→ DATASET ENTRIES
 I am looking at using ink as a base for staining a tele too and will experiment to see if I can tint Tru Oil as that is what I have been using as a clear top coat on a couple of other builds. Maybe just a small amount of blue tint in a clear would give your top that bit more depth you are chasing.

==

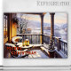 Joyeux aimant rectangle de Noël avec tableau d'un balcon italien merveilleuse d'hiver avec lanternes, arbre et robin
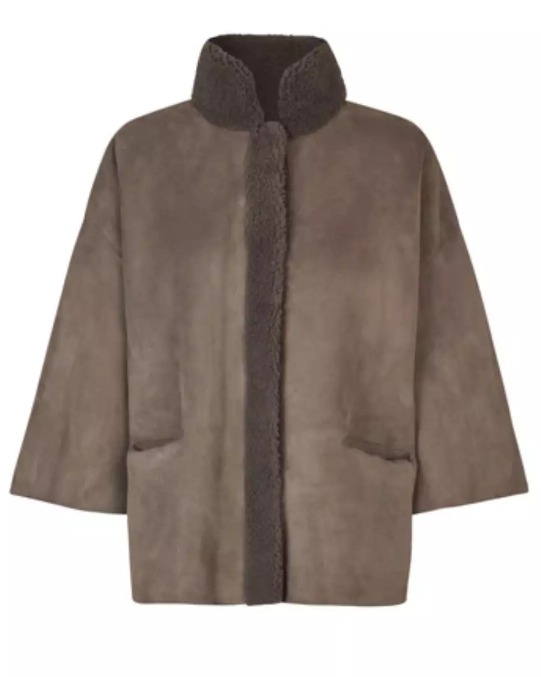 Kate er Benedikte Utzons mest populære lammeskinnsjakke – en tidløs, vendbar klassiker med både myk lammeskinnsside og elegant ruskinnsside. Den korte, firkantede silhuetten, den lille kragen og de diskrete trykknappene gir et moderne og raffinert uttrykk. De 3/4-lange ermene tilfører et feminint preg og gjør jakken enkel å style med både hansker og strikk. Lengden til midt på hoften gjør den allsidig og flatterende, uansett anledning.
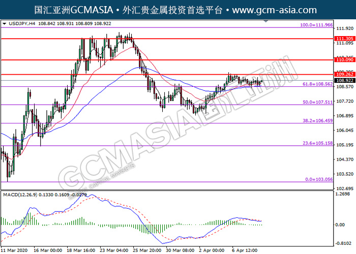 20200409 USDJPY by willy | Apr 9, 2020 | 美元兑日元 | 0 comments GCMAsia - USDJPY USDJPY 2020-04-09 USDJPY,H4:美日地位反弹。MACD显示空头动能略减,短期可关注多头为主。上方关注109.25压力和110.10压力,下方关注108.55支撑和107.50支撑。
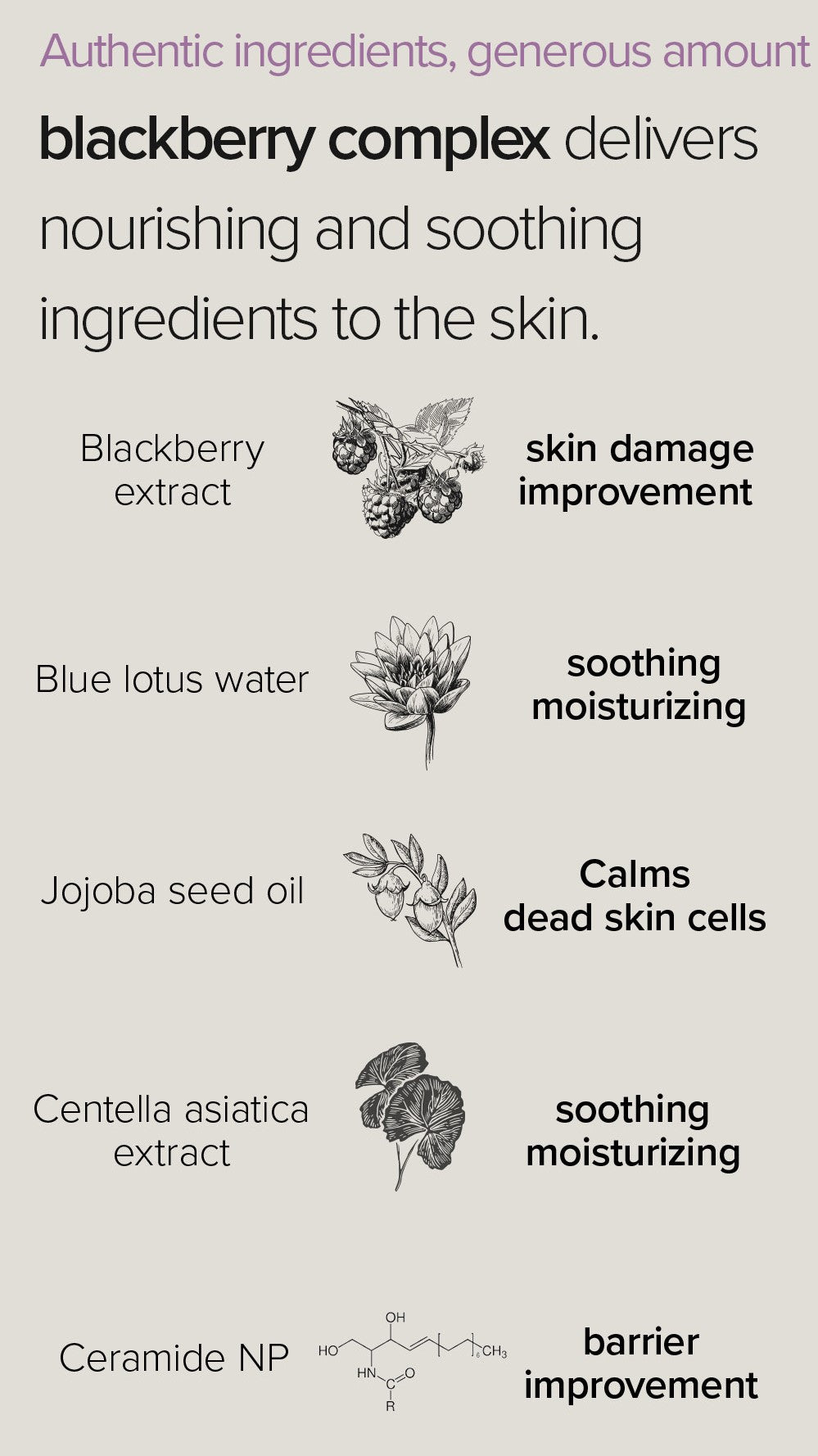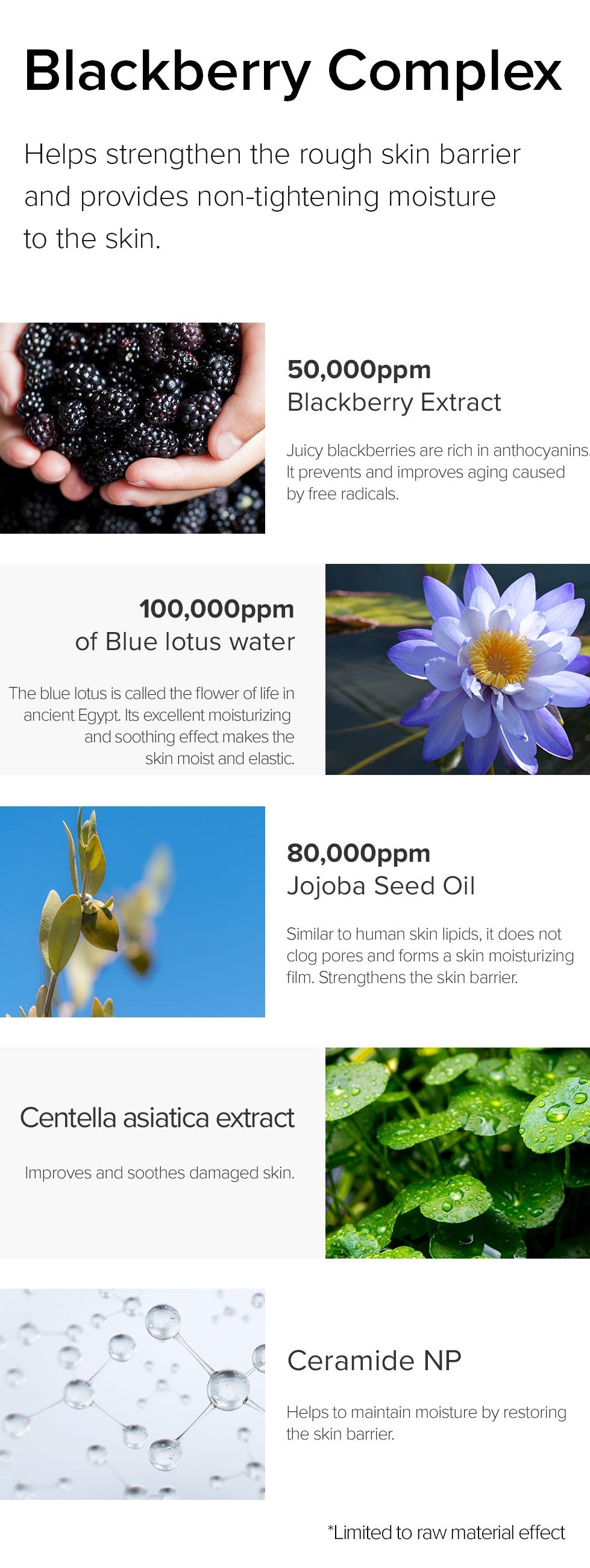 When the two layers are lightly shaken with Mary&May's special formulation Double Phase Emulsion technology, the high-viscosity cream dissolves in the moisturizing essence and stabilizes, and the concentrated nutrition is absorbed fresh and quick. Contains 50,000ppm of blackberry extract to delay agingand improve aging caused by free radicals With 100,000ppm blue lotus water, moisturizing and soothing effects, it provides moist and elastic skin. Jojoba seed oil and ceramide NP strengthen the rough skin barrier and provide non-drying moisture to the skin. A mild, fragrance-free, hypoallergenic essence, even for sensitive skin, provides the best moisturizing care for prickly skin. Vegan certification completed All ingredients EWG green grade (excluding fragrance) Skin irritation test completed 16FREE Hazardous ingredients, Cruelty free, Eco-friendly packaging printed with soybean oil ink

→ WHAT YOU HAVE TO DO
Given the records above, return the lines starting at the one that holds "20200409 USDJPY by" and ending at the one that holds "When the two", exactly, and nothing besides; leave every picture out.

→ ANSWER BOX
 20200409 USDJPY by willy | Apr 9, 2020 | 美元兑日元 | 0 comments GCMAsia - USDJPY USDJPY 2020-04-09 USDJPY,H4:美日地位反弹。MACD显示空头动能略减,短期可关注多头为主。上方关注109.25压力和110.10压力,下方关注108.55支撑和107.50支撑。
 When the two layers are lightly shaken with Mary&May's special formulation Double Phase Emulsion technology, the high-viscosity cream dissolves in the moisturizing essence and stabilizes, and the concentrated nutrition is absorbed fresh and quick. Contains 50,000ppm of blackberry extract to delay agingand improve aging caused by free radicals With 100,000ppm blue lotus water, moisturizing and soothing effects, it provides moist and elastic skin. Jojoba seed oil and ceramide NP strengthen the rough skin barrier and provide non-drying moisture to the skin. A mild, fragrance-free, hypoallergenic essence, even for sensitive skin, provides the best moisturizing care for prickly skin. Vegan certification completed All ingredients EWG green grade (excluding fragrance) Skin irritation test completed 16FREE Hazardous ingredients, Cruelty free, Eco-friendly packaging printed with soybean oil ink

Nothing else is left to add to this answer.